(WORKING DATA Opens)

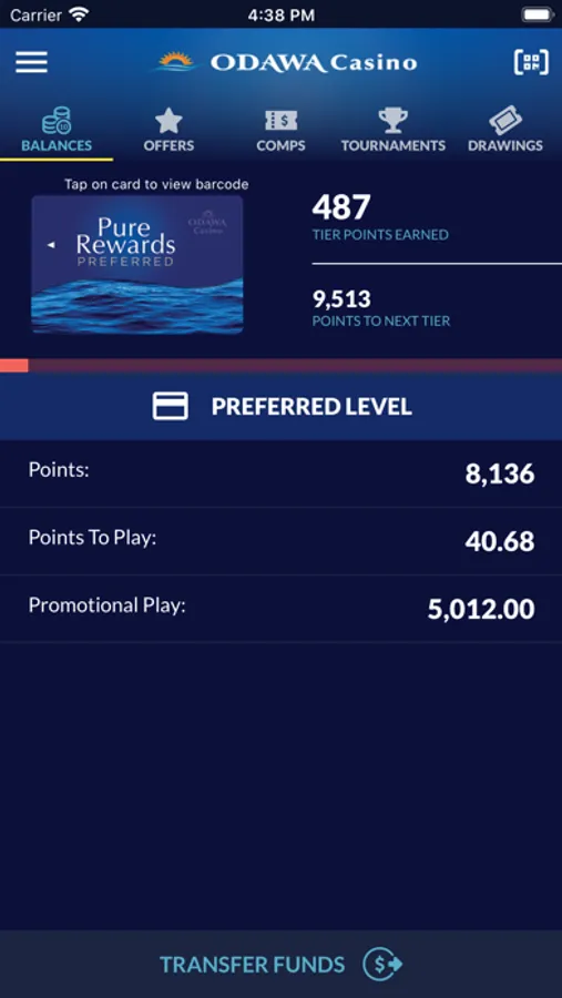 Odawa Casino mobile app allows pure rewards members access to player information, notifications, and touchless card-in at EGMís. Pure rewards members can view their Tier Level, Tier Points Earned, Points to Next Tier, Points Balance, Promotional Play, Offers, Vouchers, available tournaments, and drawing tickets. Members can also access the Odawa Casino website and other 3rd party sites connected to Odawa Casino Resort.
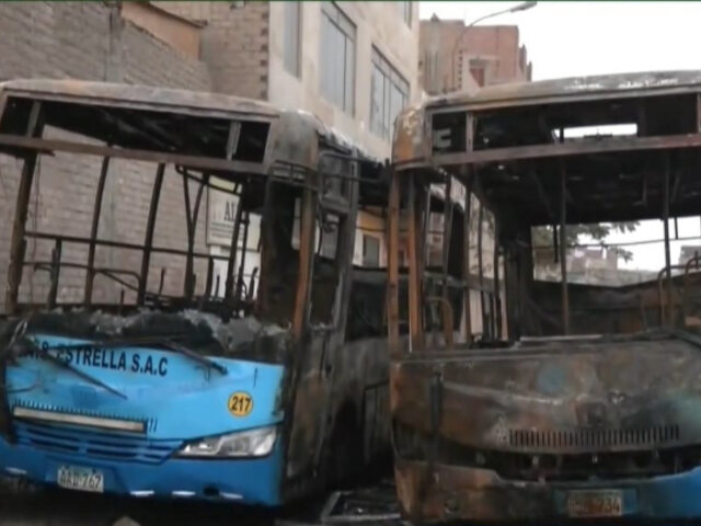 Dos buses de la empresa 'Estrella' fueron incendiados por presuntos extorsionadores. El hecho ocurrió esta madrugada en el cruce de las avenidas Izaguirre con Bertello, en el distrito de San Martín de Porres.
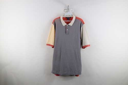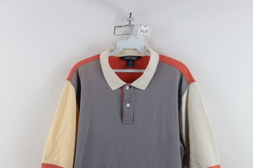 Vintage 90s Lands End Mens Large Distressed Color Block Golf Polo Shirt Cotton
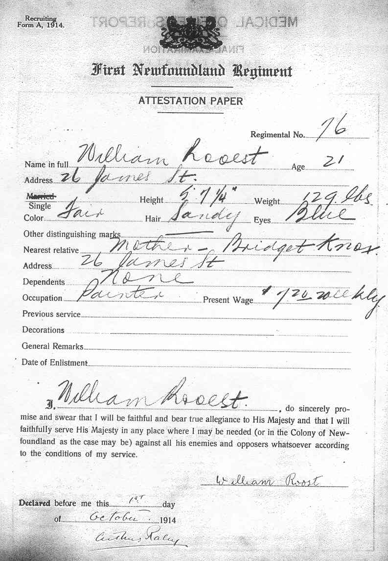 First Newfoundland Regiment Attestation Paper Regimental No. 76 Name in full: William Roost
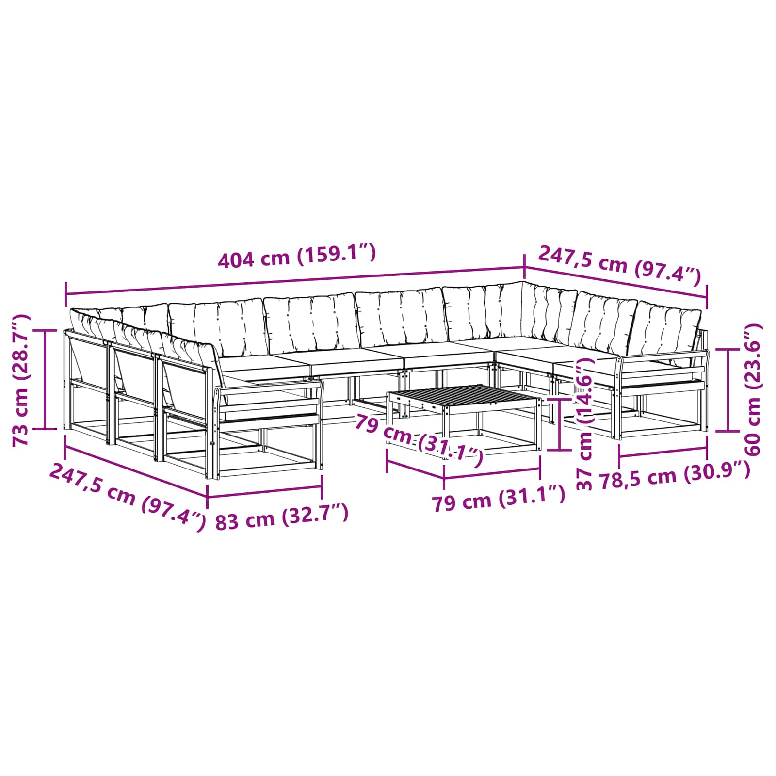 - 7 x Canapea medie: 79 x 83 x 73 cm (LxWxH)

(WORKING DATA Closes)

# WHAT YOU SHOULD DO
Begin at the first line of the records and please reproduce every line exactly through the one containing "Dos buses de", leaving all pictures out.

# WRITTEN RESPONSE
 Odawa Casino mobile app allows pure rewards members access to player information, notifications, and touchless card-in at EGMís. Pure rewards members can view their Tier Level, Tier Points Earned, Points to Next Tier, Points Balance, Promotional Play, Offers, Vouchers, available tournaments, and drawing tickets. Members can also access the Odawa Casino website and other 3rd party sites connected to Odawa Casino Resort.
 Dos buses de la empresa 'Estrella' fueron incendiados por presuntos extorsionadores. El hecho ocurrió esta madrugada en el cruce de las avenidas Izaguirre con Bertello, en el distrito de San Martín de Porres.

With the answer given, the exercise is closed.